S-1 is an oral anticancer agent containing tegafur, a prodrug of 5-fluorouracil (5-FU), and two modulators. One is 5-chloro-2,4-dihydroxypyridine, which causes prolonged retention of 5-FU in the bloodstream and enhances the pharmacological actions of 5-FU by competitively inhibiting its degradation. The other is potassium oxonate, which localizes in the mucosa of the gastrointestinal tract after oral administration and alleviates gastrointestinal toxicities induced by 5-FU [5, 6]. S-1 monotherapy is considered a second- or third-line chemotherapy for unresectable cancer [7]. Although response rates are modest, S-1 monotherapy is safe and well tolerated by elderly patients [8], and it can be administered over the long term in the outpatient setting. Thus, patients can undergo S-1 chemotherapy while maintaining a reasonable quality of life. The original S-1 regimen comprised four weeks of chemotherapy followed by two weeks of rest. However, Itoi et al. [9] reported that a regimen comprising two weeks of S-1 followed by one week of rest is less likely to be interrupted by side effects and is safer for outpatients.

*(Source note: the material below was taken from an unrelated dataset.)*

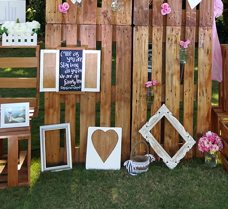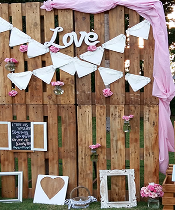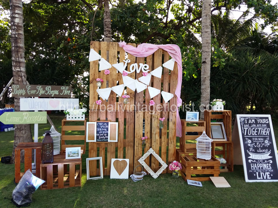 Photo booth decoration for your photo corner will make your wedding party area look beautiful. It is a great corner for your guests, or friends to take photo. It is composed by some rustic material and flower arrangement. Height is around 280 cm, width is 2 meter, include all accessories and flower arrangements.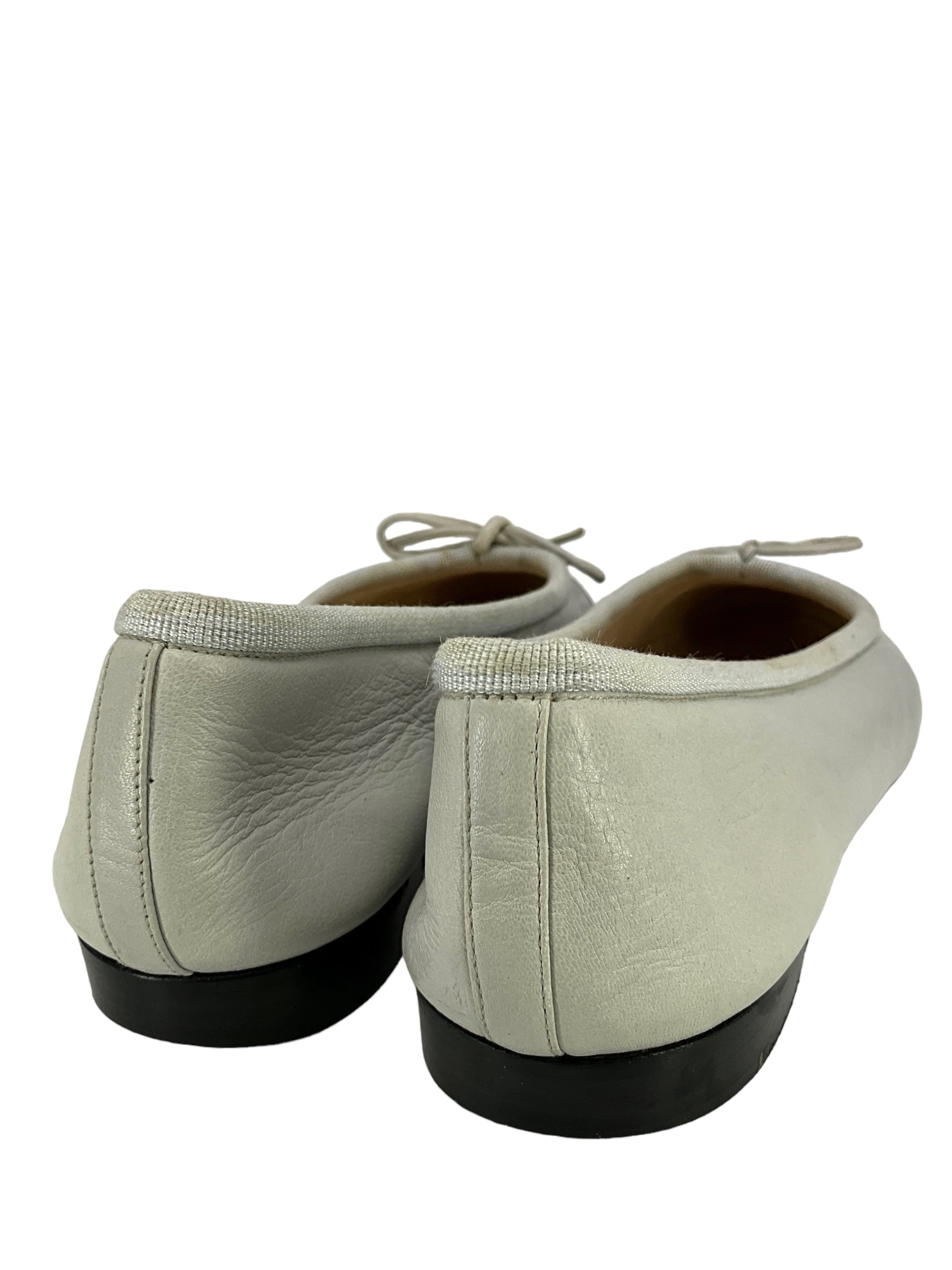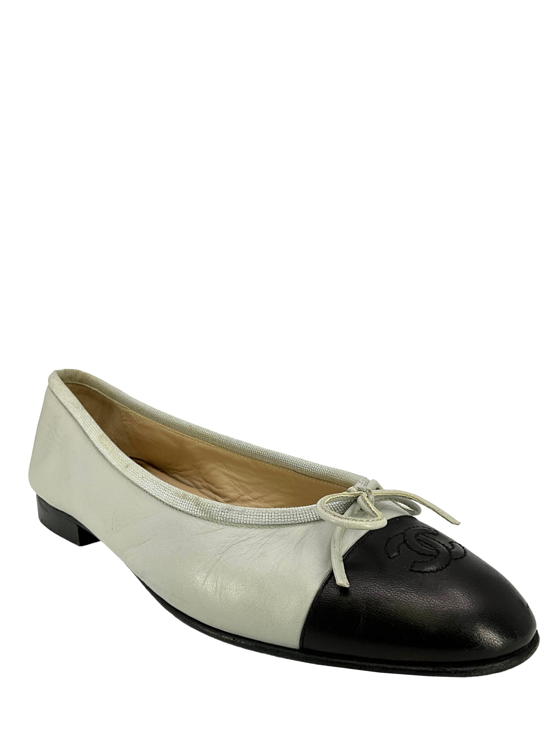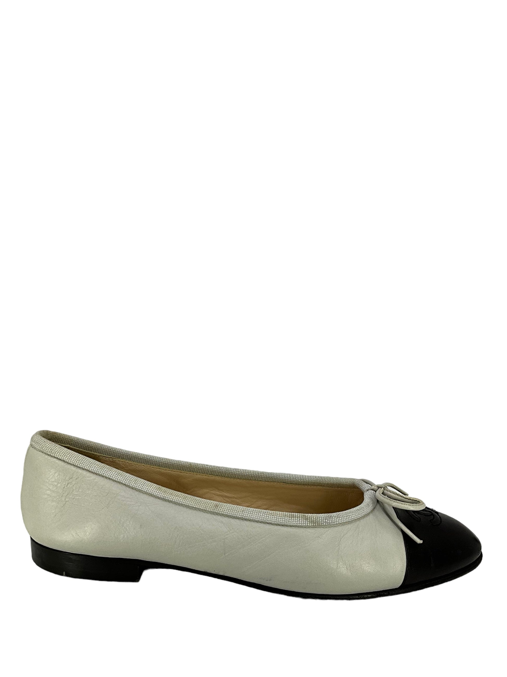 Step out in style with these classic CHANEL CC Cap Toe Lambskin Leather Ballet Flats Size 8 (IT 38 crafted from supple light gray lambskin. Featuring a black patent leather cap-toe with a signature CC logo bow tie accent on the vamp.

Some studies of models have found that continuous low-dose chemotherapy can cause the long-term suppression of tumor proliferation in vitro and in vivo and that one of the action mechanisms involves antiangiogenic effects [10, 11]. Recently, much attention has been focused on metronomic chemotherapy; some successful drug combinations for several cancers have been reported [12]. Allegrini et al. [13] reported metronomic chemotherapy regimen including UFT plus cyclophosphamide (CTX) and celecoxib (CXB) in patients with advanced refractory gastrointestinal cancers. The results of this study suggested a possible antitumor activity of this metronomic regimen, comparable with those observed in the same setting patients treated with other chemotherapy. Tumor vasculatures instead of tumor cells were main target of these chemotherapy regimens, and the same mechanisms might have been involved in the outcome for our patient.

Low-dose S-1 chemotherapy for elderly patients with head and neck carcinoma appears to be safe in the outpatient setting and might be an effective strategy with which to maintain the quality of life of patients who have incurable and dormant tumors.

Conflicts of Interest

The authors declare no conflicts of interest regarding the publication of this report.